On March 31, We Robot 2016 will host four workshops designed by experts to help people from other disciplines get up to speed in their specialty. We hope these workshops will be attended by people who want to learn about the topics, and by people willing to share their expertise with both experts and neophytes.

Woodrow Hartzog

Woodrow Hartzog

What is a tort? Can a robot commit one? What other laws might robots break? Which agencies in Washington’s alphabet soup like the FTC, FAA, NHTSA, and others matter for robotics and why? Is it better to lay out specific, intricate rules for robots, or should we just require that they “act reasonable?” This session will provide a foundation for asking and answering legal and policy research questions related robotics. It will cover basic legal concepts as applied to sophisticated computational technology. Not only will we cover the basic structures and laws relevant to robots, but we will review some basic principles behind why these laws exist, and what kinds of laws are useful in various contexts. The goal for this session will be to equip you with the tools necessary to ascertain the merits of robotics laws and propose alternatives for the stinkers.

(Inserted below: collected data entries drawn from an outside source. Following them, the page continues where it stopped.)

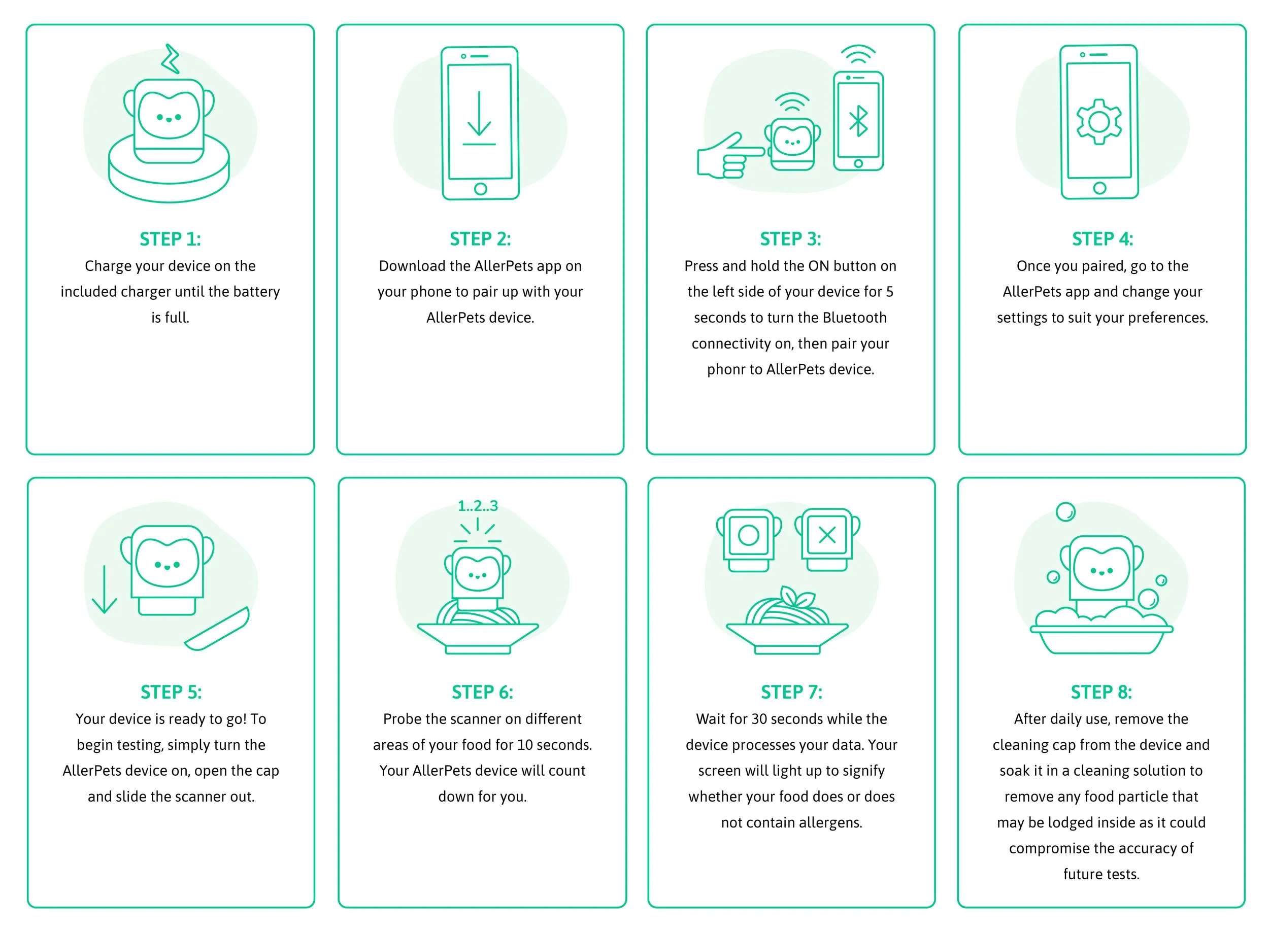 After personalizing and purchasing the AllerPets device online, users can set up their device by connecting to the companion app prior to using it. The visual representation outlines the step-by-step directions on how to use and maintain the AllerPets device.
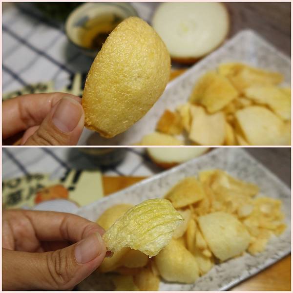 打開包裝小小的驚呼,真的是洋蔥啦!!!還可以看到脆片上的洋蔥紋路
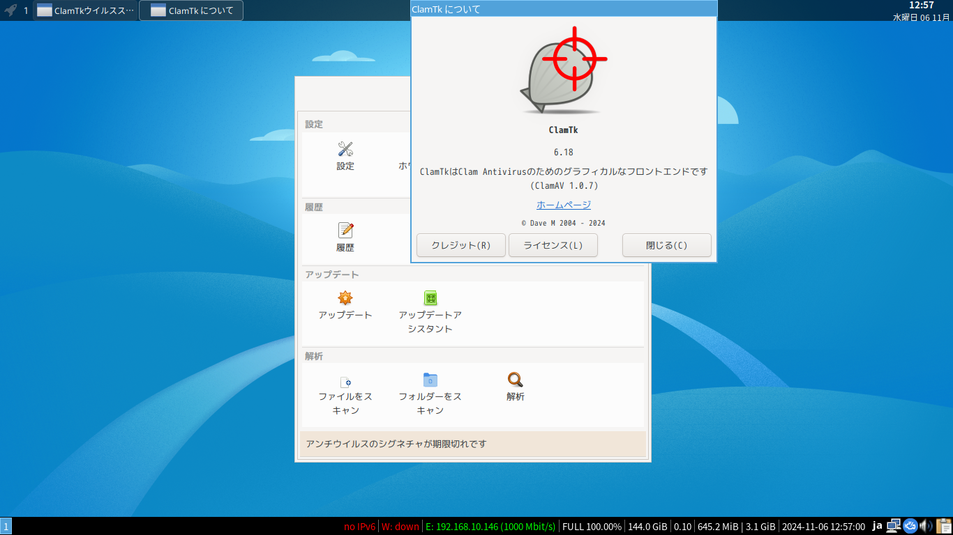 起動直後の状態です。 2024年11月6日の時点で、下記のバージョンでした。 「アンチウィルスのシグネチャが期限切れです」の表示を消す方法や、操作については「デスクトップ環境構築 - 共通事項 - アンチウイルスソフト ClamTk」をご参照ください。 |
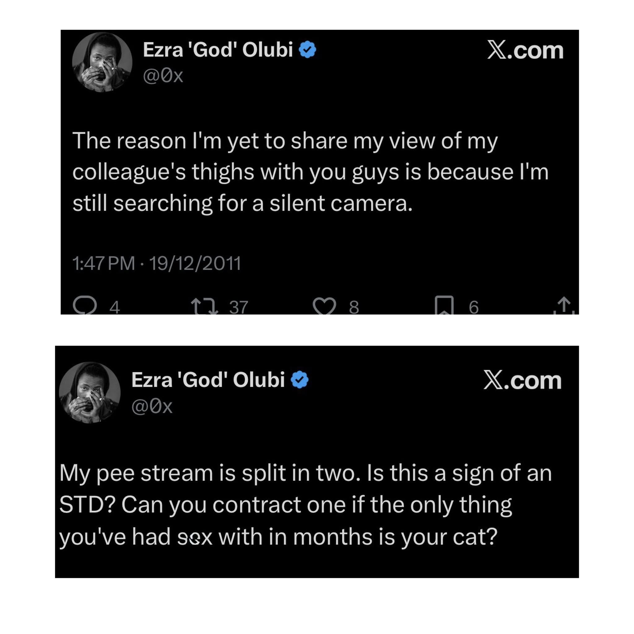 In one of the tweets, Olubi claimed he had been diagnosed with both HIV and Hepatitis B after going to the hospital for a general checkup. Several other posts that resurfaced appear to show him making unsettling jokes about bestiality, including statements implying s3xual contact with a cat and inappropriate s3xual remarks about coworkers and young girls.

Professor Woodrow Hartzog will join We Robot 2016 to hold a workshop on Juris Machina: Legal Aspects of Robotics on Thursday, March 31st at 9:30 AM at the University of Miami Newman Alumni Center in Coral Gables, Florida. Prof. Hartzog is an internationally-recognized expert in the area of privacy, media, and robotics law. He has been quoted or referenced in numerous articles and broadcasts, including NPR, the New York Times, the Los Angeles Times, and USA Today. Prof. Hartzog’s work has been published in numerous scholarly publications such as the Columbia Law Review, California Law Review, and Michigan Law Review and popular national publications such as Wired, Bloomberg, New Scientist, The Atlantic, and The Nation. He is also a contributor to Forbesand a frequent guest contributor to LinkedIn, Concurring Opinions, and other popular blogs. Before joining the faculty at Cumberland School of Law, Prof. Hartzog worked as a trademark attorney at the United States Patent and Trademark Office in Alexandria, Virginia, and as an associate attorney at Burr & Forman LLP in Birmingham, Alabama. He also served as a clerk for the Electronic Privacy Information Center in Washington, D.C., and was a Roy H. Park Fellow, at the School of Journalism and Mass Communication at the University of North Carolina at Chapel Hill. Prof. Hartzog is an Affiliate Scholar at the Center for Internet and Society at Stanford Law School. He also serves on the advisory board of the Future of Privacy Forum.